**Exercise objective**
Reproduce exactly, from the data that follows, the line with "Zlatokraj napada hrastova", the line with "Venusbunad I, Løver, (verket", and every line that lies between them.

**Source data**
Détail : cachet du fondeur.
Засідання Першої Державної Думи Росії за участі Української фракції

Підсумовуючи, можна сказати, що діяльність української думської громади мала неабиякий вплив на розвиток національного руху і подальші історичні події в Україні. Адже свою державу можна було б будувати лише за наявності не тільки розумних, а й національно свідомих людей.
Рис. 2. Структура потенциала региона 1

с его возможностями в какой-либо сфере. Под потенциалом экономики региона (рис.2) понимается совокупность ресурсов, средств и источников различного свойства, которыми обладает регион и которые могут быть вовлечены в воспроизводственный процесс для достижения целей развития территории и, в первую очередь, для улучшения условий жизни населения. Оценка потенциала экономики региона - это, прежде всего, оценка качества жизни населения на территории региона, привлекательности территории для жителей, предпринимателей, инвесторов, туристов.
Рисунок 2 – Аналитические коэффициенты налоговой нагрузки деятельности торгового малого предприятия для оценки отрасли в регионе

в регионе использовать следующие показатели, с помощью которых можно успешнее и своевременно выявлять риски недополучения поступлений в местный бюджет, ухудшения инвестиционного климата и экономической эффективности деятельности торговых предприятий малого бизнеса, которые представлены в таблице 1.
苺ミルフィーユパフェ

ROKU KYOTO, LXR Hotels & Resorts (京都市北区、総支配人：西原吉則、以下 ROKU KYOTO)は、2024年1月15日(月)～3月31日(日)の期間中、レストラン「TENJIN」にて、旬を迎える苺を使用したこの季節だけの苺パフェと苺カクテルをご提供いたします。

==

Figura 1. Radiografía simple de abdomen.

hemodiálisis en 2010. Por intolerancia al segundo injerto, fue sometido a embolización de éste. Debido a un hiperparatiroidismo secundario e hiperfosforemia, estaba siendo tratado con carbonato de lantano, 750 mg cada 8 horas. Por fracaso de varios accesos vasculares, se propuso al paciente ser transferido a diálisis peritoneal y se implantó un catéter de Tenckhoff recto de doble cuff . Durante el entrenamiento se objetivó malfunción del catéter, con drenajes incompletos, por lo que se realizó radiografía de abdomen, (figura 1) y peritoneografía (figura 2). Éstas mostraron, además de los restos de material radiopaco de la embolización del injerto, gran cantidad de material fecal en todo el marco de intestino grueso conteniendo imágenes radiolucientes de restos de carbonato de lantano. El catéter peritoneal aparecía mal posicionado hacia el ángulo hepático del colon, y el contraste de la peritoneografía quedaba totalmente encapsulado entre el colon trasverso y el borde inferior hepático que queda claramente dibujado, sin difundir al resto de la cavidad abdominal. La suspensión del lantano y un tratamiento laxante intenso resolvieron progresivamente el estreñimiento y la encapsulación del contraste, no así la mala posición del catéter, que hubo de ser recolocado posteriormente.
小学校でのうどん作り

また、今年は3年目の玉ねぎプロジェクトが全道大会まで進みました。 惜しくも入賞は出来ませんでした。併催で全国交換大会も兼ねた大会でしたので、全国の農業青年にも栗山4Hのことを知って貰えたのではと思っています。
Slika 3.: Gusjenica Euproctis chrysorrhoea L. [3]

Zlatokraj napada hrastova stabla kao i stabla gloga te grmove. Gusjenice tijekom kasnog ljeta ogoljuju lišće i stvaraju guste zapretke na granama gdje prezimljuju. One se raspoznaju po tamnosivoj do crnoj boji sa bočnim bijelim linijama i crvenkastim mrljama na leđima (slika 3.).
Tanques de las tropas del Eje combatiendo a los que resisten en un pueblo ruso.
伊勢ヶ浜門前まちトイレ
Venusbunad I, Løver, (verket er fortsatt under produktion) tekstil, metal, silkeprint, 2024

==

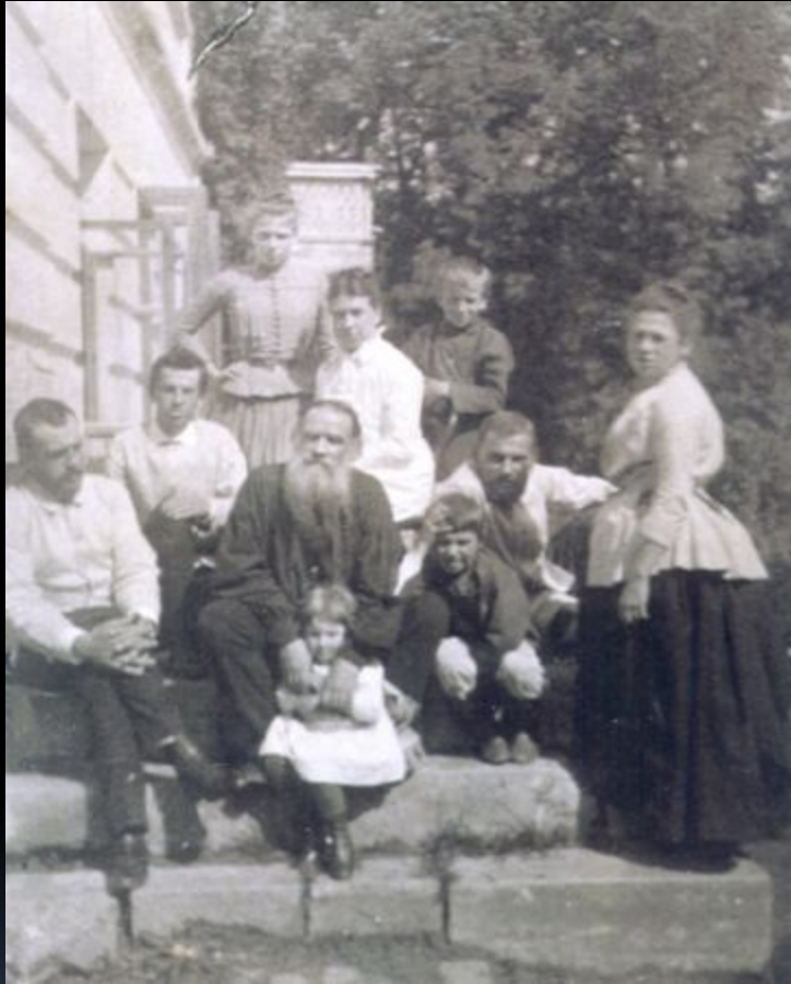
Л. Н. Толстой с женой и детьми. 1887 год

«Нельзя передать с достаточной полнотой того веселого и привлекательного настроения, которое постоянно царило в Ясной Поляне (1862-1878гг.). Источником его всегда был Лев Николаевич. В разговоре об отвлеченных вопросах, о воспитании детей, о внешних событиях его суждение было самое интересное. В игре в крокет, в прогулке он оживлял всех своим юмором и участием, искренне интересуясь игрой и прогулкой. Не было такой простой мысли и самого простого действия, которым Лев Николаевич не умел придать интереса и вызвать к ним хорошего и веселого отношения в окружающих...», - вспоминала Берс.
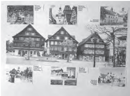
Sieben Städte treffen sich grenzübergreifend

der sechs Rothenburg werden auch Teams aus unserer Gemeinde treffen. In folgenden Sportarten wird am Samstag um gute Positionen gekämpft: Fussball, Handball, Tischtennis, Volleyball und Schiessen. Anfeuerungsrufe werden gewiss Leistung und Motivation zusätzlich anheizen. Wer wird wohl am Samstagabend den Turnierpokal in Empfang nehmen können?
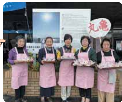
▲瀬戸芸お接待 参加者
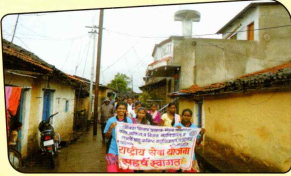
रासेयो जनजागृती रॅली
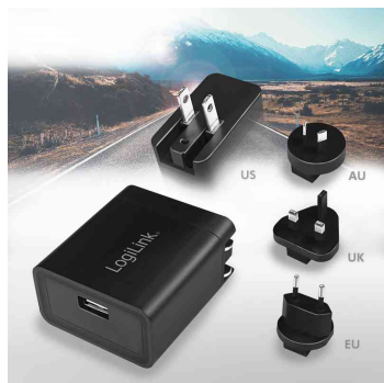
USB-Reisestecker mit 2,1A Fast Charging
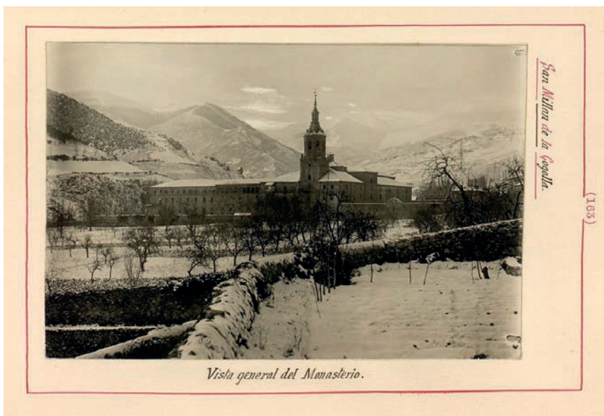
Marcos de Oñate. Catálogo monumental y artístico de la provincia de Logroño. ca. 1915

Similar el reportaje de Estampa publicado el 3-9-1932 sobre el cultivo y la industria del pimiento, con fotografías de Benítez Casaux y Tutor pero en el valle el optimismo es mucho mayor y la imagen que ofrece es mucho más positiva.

**Worked solution**
Zlatokraj napada hrastova stabla kao i stabla gloga te grmove. Gusjenice tijekom kasnog ljeta ogoljuju lišće i stvaraju guste zapretke na granama gdje prezimljuju. One se raspoznaju po tamnosivoj do crnoj boji sa bočnim bijelim linijama i crvenkastim mrljama na leđima (slika 3.).
Tanques de las tropas del Eje combatiendo a los que resisten en un pueblo ruso.
伊勢ヶ浜門前まちトイレ
Venusbunad I, Løver, (verket er fortsatt under produktion) tekstil, metal, silkeprint, 2024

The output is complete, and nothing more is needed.